Even then, there will probably always be people for whom those same treatments don’t work. We aren’t built on assembly lines. Our bodies are unique. Our cancers are too.

We have to decide the value of cancer treatments to extend life a couple of months or longer. Is a treatment that extends life three months worth $150,000, and what are the potential side effects?

There’s also another huge issue.

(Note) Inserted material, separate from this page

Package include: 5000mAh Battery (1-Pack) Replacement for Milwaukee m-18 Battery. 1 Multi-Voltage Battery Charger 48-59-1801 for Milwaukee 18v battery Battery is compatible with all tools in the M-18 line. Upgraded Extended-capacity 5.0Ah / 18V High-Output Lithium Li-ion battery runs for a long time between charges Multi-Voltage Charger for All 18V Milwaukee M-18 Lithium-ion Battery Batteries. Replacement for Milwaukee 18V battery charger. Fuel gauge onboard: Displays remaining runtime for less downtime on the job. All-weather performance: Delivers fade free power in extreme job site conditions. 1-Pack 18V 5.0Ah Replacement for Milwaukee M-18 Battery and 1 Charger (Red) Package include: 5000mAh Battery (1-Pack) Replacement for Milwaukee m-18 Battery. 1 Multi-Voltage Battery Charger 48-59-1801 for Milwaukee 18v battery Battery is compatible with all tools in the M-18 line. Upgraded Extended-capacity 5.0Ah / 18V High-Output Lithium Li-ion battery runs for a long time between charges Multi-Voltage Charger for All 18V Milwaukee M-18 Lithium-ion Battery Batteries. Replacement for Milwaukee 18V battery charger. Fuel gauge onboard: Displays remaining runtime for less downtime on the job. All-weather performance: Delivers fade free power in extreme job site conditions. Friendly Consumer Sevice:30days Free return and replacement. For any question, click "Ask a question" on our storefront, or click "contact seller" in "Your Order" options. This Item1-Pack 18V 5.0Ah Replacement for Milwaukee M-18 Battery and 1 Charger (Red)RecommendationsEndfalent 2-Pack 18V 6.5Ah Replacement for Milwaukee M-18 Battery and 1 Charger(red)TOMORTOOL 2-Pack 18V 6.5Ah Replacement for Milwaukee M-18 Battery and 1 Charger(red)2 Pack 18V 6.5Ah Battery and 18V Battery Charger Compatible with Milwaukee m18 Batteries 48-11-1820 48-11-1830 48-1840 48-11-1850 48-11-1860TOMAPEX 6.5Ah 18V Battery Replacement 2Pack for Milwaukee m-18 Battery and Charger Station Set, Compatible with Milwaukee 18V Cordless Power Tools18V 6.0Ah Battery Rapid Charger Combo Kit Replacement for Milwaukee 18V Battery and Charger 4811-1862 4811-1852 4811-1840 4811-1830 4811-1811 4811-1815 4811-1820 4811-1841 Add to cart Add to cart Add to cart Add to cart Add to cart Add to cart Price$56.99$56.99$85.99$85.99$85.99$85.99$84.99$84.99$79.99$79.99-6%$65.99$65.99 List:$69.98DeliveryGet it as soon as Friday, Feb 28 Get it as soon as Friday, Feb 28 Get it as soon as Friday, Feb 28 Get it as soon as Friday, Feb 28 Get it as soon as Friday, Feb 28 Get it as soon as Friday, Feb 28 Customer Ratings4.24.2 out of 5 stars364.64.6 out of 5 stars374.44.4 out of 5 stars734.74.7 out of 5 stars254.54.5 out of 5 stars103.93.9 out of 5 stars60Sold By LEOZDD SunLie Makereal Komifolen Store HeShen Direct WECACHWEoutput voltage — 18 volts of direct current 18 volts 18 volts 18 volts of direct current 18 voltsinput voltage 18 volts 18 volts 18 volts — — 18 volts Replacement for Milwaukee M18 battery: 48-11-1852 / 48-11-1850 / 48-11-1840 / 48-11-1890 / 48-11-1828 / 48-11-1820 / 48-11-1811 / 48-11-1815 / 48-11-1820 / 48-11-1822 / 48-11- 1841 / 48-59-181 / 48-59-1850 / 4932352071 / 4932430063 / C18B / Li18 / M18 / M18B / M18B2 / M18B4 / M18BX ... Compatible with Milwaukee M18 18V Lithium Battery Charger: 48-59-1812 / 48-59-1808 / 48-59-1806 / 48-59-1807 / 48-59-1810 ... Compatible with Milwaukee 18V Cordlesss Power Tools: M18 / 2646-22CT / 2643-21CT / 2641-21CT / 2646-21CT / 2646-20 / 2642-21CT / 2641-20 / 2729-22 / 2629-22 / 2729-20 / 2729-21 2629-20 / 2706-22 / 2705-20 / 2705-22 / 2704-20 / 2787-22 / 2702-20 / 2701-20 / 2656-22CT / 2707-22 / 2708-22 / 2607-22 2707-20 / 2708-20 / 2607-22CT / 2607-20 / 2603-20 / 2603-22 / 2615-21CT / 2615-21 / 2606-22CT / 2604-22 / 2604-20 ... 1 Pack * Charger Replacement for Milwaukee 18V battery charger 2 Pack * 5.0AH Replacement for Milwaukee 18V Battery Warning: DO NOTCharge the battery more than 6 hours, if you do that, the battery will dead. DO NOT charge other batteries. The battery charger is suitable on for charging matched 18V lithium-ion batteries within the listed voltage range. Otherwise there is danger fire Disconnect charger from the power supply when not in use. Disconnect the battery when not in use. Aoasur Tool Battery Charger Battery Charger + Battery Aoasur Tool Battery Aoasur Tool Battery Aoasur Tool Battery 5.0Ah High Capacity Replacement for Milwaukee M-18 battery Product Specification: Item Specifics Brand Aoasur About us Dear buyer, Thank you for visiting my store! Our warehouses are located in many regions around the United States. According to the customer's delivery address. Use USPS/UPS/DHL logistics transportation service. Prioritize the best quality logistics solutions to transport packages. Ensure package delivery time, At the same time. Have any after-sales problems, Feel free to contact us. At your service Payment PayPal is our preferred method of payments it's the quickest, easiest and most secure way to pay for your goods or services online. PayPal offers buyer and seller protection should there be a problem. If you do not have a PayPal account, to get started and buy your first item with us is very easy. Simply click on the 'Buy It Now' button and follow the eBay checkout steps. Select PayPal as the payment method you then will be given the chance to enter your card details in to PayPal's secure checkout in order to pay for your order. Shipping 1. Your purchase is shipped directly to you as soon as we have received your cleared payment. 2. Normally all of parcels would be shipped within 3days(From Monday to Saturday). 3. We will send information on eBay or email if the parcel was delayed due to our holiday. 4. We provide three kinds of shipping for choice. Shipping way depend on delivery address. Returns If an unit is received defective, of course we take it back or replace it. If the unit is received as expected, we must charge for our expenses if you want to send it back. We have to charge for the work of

Data from more than half of cancer trials underpinning drug approvals remains inaccessible, according to a shocking new study that audited over 300 clinical trials backing anti-cancer medicines approved by the US drug regulator over the last ten years.

Of the 304 industry-sponsored clinical trials that provided data for 115 anti-cancer drugs approved by the US Food and Drug Administration (FDA) between 2011 and 2021, only 45 percent had publicly shared patient-level data – or said they would do so when the researchers enquired about accessing data.

A study found that less than one-tenth of trials cited on three of the top-selling anti-cancer drug product labels made individual patient data available.

Right now, new cancer treatments are being promoted by the media. They often don’t do their homework on drug approvals or clinical trials and ask hard questions. Instead, people read a headline saying a new pill stopped breast cancer cells from reproducing without understanding that its use in mice is far from being available to patients.

President Biden, like many others, wants a cancer moonshot but it’s more likely going to take a lot of rockets to reach the moon cancer, a treatable disease for everyone.